**Given material**
━━━━━━━━━━━━━━━━

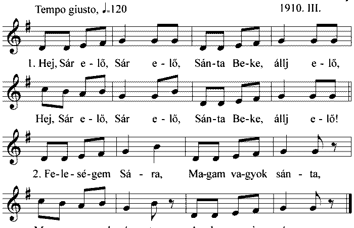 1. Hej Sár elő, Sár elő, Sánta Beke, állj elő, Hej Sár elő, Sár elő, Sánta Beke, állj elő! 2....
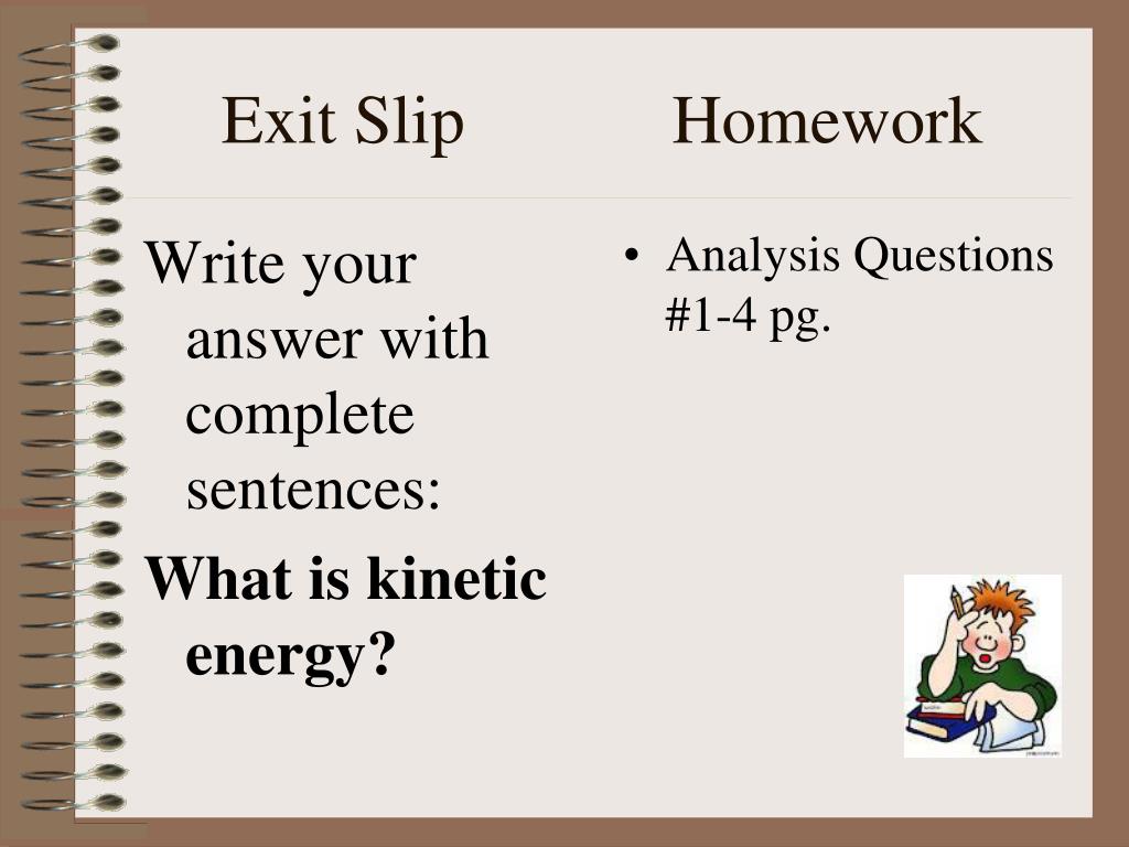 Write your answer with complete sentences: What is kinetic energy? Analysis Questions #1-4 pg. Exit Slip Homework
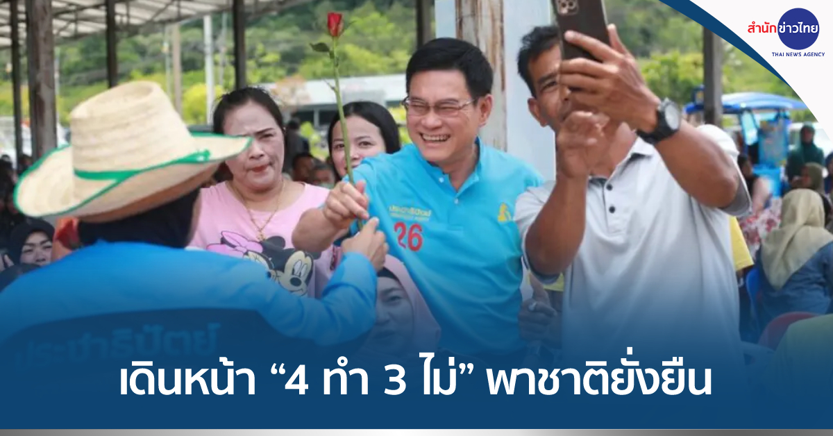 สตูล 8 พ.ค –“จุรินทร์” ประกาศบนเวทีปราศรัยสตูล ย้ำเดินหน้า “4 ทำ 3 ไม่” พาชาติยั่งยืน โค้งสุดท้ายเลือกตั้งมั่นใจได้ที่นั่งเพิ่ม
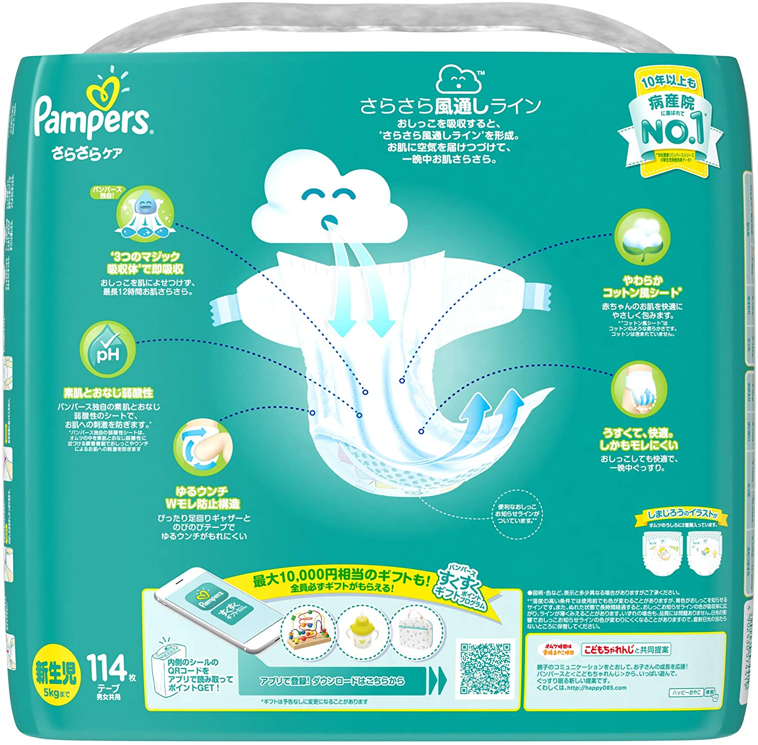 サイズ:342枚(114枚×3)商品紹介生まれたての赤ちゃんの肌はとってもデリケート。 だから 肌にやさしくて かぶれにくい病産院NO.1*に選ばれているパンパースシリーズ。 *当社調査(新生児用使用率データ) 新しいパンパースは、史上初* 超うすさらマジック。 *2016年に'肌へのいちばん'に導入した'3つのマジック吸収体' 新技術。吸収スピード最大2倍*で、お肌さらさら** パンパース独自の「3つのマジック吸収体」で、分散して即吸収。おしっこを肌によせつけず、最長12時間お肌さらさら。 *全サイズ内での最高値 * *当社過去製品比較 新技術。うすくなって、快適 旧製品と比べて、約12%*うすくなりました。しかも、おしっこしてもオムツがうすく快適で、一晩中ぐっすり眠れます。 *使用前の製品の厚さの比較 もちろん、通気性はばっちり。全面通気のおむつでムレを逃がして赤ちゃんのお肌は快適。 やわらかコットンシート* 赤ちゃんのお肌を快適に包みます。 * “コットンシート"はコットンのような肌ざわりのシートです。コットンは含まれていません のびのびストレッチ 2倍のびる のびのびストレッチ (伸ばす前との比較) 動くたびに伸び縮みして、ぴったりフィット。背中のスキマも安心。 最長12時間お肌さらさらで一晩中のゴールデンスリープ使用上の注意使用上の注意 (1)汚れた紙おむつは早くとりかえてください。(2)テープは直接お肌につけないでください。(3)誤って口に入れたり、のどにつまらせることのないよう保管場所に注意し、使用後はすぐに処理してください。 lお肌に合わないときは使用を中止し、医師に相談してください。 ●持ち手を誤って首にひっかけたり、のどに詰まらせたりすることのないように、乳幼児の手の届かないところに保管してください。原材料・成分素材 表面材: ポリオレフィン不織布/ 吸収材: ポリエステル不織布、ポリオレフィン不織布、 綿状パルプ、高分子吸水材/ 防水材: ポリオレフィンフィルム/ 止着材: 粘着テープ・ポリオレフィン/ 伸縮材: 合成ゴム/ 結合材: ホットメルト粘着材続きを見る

━━━━━━━━━━━━━━━━

All of the listing should be transcribed exactly, but none of its images.

 1. Hej Sár elő, Sár elő, Sánta Beke, állj elő, Hej Sár elő, Sár elő, Sánta Beke, állj elő! 2....
 Write your answer with complete sentences: What is kinetic energy? Analysis Questions #1-4 pg. Exit Slip Homework
 สตูล 8 พ.ค –“จุรินทร์” ประกาศบนเวทีปราศรัยสตูล ย้ำเดินหน้า “4 ทำ 3 ไม่” พาชาติยั่งยืน โค้งสุดท้ายเลือกตั้งมั่นใจได้ที่นั่งเพิ่ม
 サイズ:342枚(114枚×3)商品紹介生まれたての赤ちゃんの肌はとってもデリケート。 だから 肌にやさしくて かぶれにくい病産院NO.1*に選ばれているパンパースシリーズ。 *当社調査(新生児用使用率データ) 新しいパンパースは、史上初* 超うすさらマジック。 *2016年に'肌へのいちばん'に導入した'3つのマジック吸収体' 新技術。吸収スピード最大2倍*で、お肌さらさら** パンパース独自の「3つのマジック吸収体」で、分散して即吸収。おしっこを肌によせつけず、最長12時間お肌さらさら。 *全サイズ内での最高値 * *当社過去製品比較 新技術。うすくなって、快適 旧製品と比べて、約12%*うすくなりました。しかも、おしっこしてもオムツがうすく快適で、一晩中ぐっすり眠れます。 *使用前の製品の厚さの比較 もちろん、通気性はばっちり。全面通気のおむつでムレを逃がして赤ちゃんのお肌は快適。 やわらかコットンシート* 赤ちゃんのお肌を快適に包みます。 * “コットンシート"はコットンのような肌ざわりのシートです。コットンは含まれていません のびのびストレッチ 2倍のびる のびのびストレッチ (伸ばす前との比較) 動くたびに伸び縮みして、ぴったりフィット。背中のスキマも安心。 最長12時間お肌さらさらで一晩中のゴールデンスリープ使用上の注意使用上の注意 (1)汚れた紙おむつは早くとりかえてください。(2)テープは直接お肌につけないでください。(3)誤って口に入れたり、のどにつまらせることのないよう保管場所に注意し、使用後はすぐに処理してください。 lお肌に合わないときは使用を中止し、医師に相談してください。 ●持ち手を誤って首にひっかけたり、のどに詰まらせたりすることのないように、乳幼児の手の届かないところに保管してください。原材料・成分素材 表面材: ポリオレフィン不織布/ 吸収材: ポリエステル不織布、ポリオレフィン不織布、 綿状パルプ、高分子吸水材/ 防水材: ポリオレフィンフィルム/ 止着材: 粘着テープ・ポリオレフィン/ 伸縮材: 合成ゴム/ 結合材: ホットメルト粘着材続きを見る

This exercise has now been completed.